In 2012, Sharp was first to start production of LCD panels incorporating IGZO-TFT. Sharp uses IGZO-TFT for smartphones, tablets, and 32" LCDs. In these, the aperture ratio of the LCD is improved by up to 20%. Power consumption is improved by LCD idling stop technology, which is possible due to the high mobility and low off current of IGZO-TFT. Sharp has started to release high pixel-density panels for notebook applications. IGZO-TFT is also employed in the 14" 3,200x1,800 LCD of an ultrabook PC supplied by Fujitsu, also used in the Razer Blade 14" (Touchscreen Variant) Gaming Laptop and a 55" OLED TV supplied by LG Electronics.

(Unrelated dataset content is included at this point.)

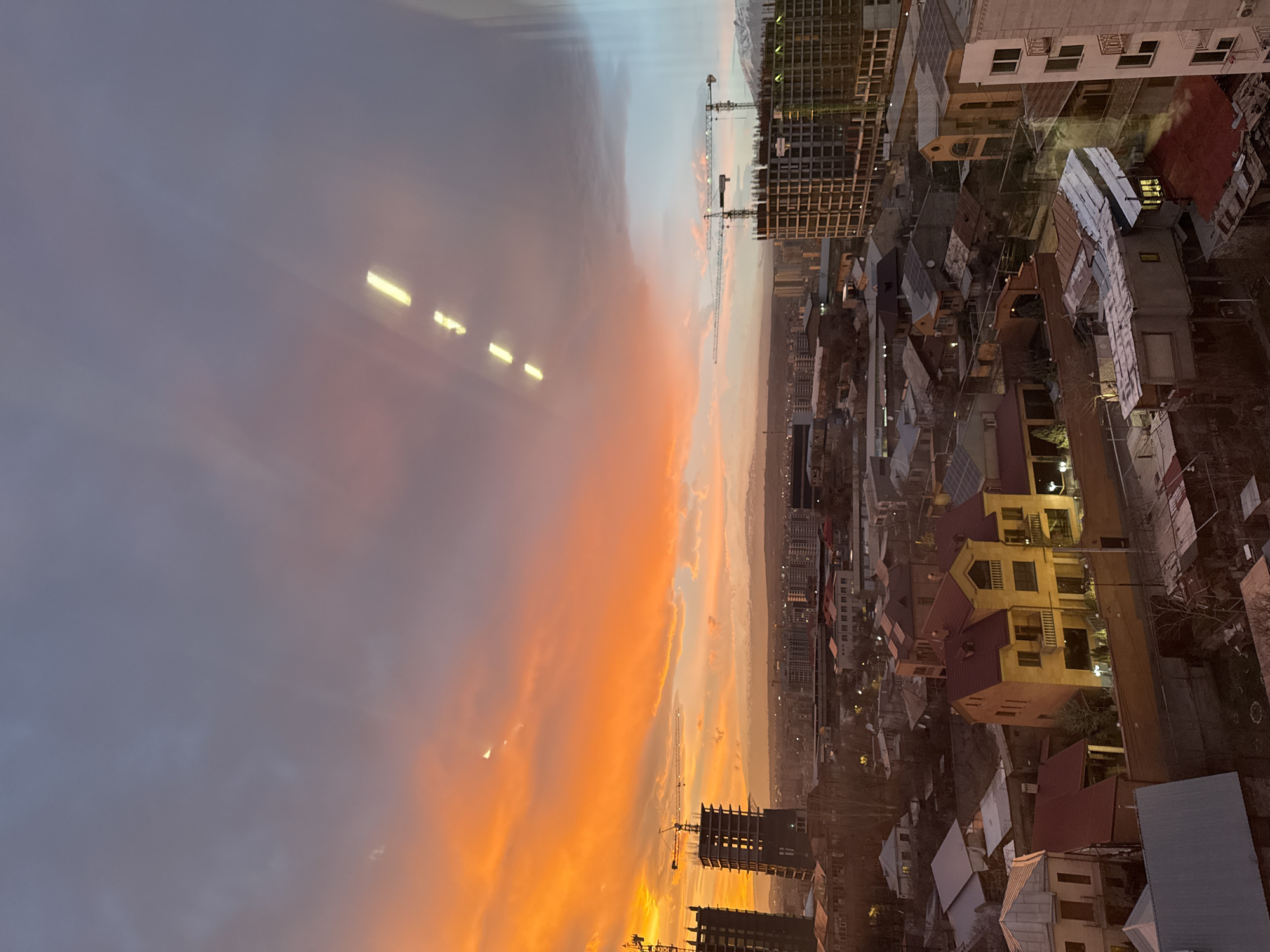 An elevated view of Yerevan, Armenia, is depicted during twilight, exhibiting a sky transitioning from a vivid orange, red, and yellow on the left to a muted gray-blue on the right. A faint crescent moon is visible in the colorful sky. Four distinct, elongated, rectangular yellow light reflections are present on the upper right, indicative of the image being captured through a window. The urban landscape features numerous structures. In the midground, multiple active construction sites are evident, characterized by several tower cranes and partially built high-rise structures on both the left and right sides of the frame. The foreground and midground contain a dense residential area, composed of various multi-story homes, some with red roofs and illuminated exterior lights, interspersed with smaller dwellings. Distant, snow-capped mountains are visible on the horizon. No human subjects or discernible actions are present.
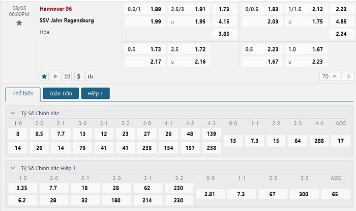 Bảng tỷ lệ kèo bóng đá trận đấu Hannover 96 vs Jahn Regensburg

IGZO's advantage over zinc oxide is that it can be deposited as a uniform amorphous phase while retaining the high carrier mobility common to oxide semiconductors. The transistors are slightly photo-sensitive, but the effect becomes significant only in the deep violet to ultra-violet (photon energy above 3 eV) range, offering the possibility of a fully transparent transistor.

The current impediment to large-scale IGZO manufacturing is the synthesis method. The most widely used technique for Transparent Conducting Oxide (TCO) synthesis is Pulsed Laser Deposition(PLD). In PLD, a laser is used to focus on nano-sized spots on solid elemental targets. Laser pulse frequencies are varied between the targets in ratios to control the composition of the film. IGZO can be deposited onto substrates such as quartz, single-crystal silicon, or even plastic due to its ability for low-temperature deposition. The substrates are placed in a PLD vacuum chamber, which controls oxygen pressure in order to ensure favorable electrical properties. After synthesis, the film is annealed, or gradually exposed to air to adjust to the atmosphere.

While PLD is a useful and versatile synthesis technique, it requires expensive equipment and plenty of time for each sample to adjust to regular atmospheric conditions. This is not ideal for industrial manufacturing.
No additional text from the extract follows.